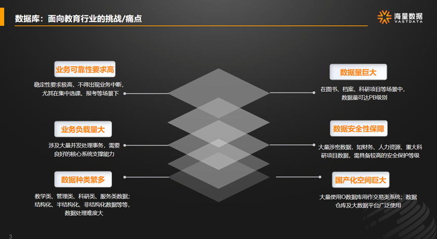 针对教育行业各种应用场景,海量数据库Vastbase以高性能、高并发、高可用、高安全、高兼容、多模态,很好解决了行业痛点,应用满足度高。
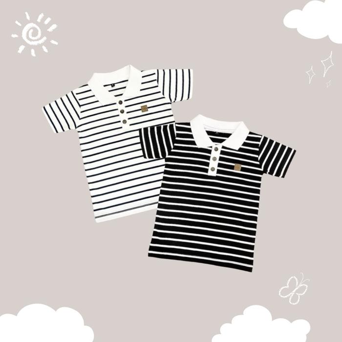KAOS ANAK POLOSHIRT STRIPE MONOCHROME SERIES POLCA MOTIF - POLOSHIRT MONO BLACK, S
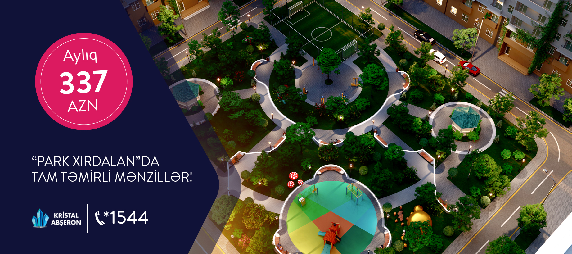 Kristal Abşeron "Park Xırdalan” yaşayış kompleksində kirayə qiymətinə mənzillər təqdim. Gündəlik ehtiyaclarınızı bütünlüklə özündə cəmləşdirən yaşayış kompleksində "Central Clinic” tibb mərkəzi, kompleksin geniş həyətində açıq və qapalı idman sahəsi, fitnes mərkəzi, uşaqlar üçün oyun parkı, uşaq bağçası fəaliyyət göstərir.
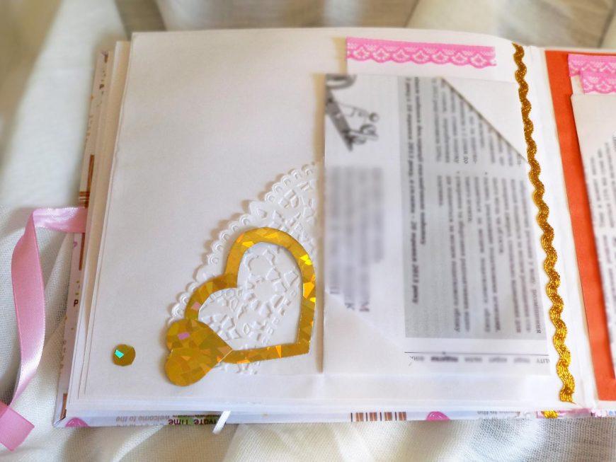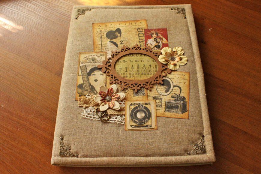 - Оформление книги лучше всего исполнить в стилях шебби-шик или винтаж, применить к ней техники журналинга и дистрессинга.
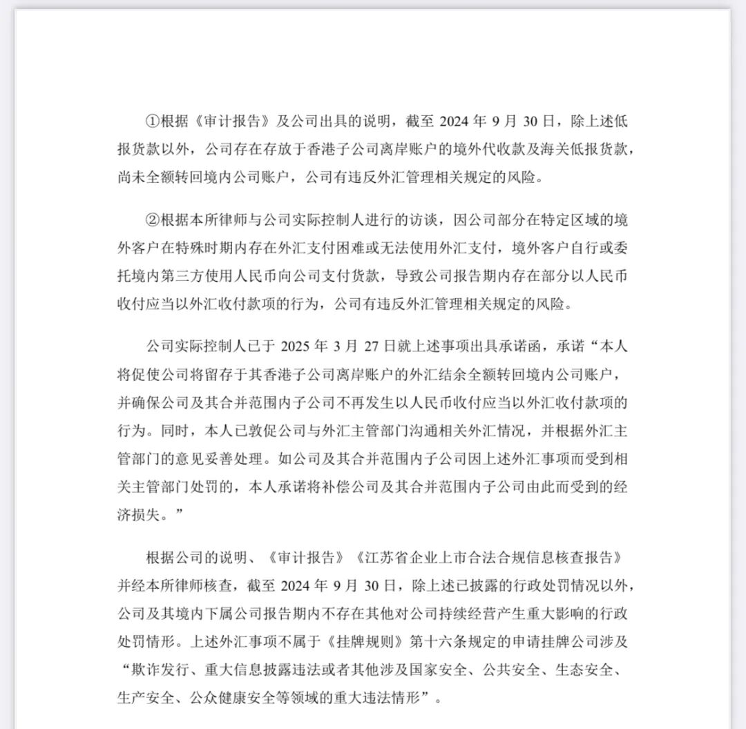①根据《审计报告》及公司出具的说明,截至 2024 年 9 月 30 日,除上述低报货款以外,公司存在存放于香港子公司离岸账户的境外代收款及海关低报货款,尚未全额转回境内公司账户,公司有违反外汇管理相关规定的风险。

■ ■ ■

Task statement =
Set down the material above exactly as written, but not the pictures.

Solved problem =
 针对教育行业各种应用场景,海量数据库Vastbase以高性能、高并发、高可用、高安全、高兼容、多模态,很好解决了行业痛点,应用满足度高。
KAOS ANAK POLOSHIRT STRIPE MONOCHROME SERIES POLCA MOTIF - POLOSHIRT MONO BLACK, S
 Kristal Abşeron "Park Xırdalan” yaşayış kompleksində kirayə qiymətinə mənzillər təqdim. Gündəlik ehtiyaclarınızı bütünlüklə özündə cəmləşdirən yaşayış kompleksində "Central Clinic” tibb mərkəzi, kompleksin geniş həyətində açıq və qapalı idman sahəsi, fitnes mərkəzi, uşaqlar üçün oyun parkı, uşaq bağçası fəaliyyət göstərir.
 - Оформление книги лучше всего исполнить в стилях шебби-шик или винтаж, применить к ней техники журналинга и дистрессинга.
①根据《审计报告》及公司出具的说明,截至 2024 年 9 月 30 日,除上述低报货款以外,公司存在存放于香港子公司离岸账户的境外代收款及海关低报货款,尚未全额转回境内公司账户,公司有违反外汇管理相关规定的风险。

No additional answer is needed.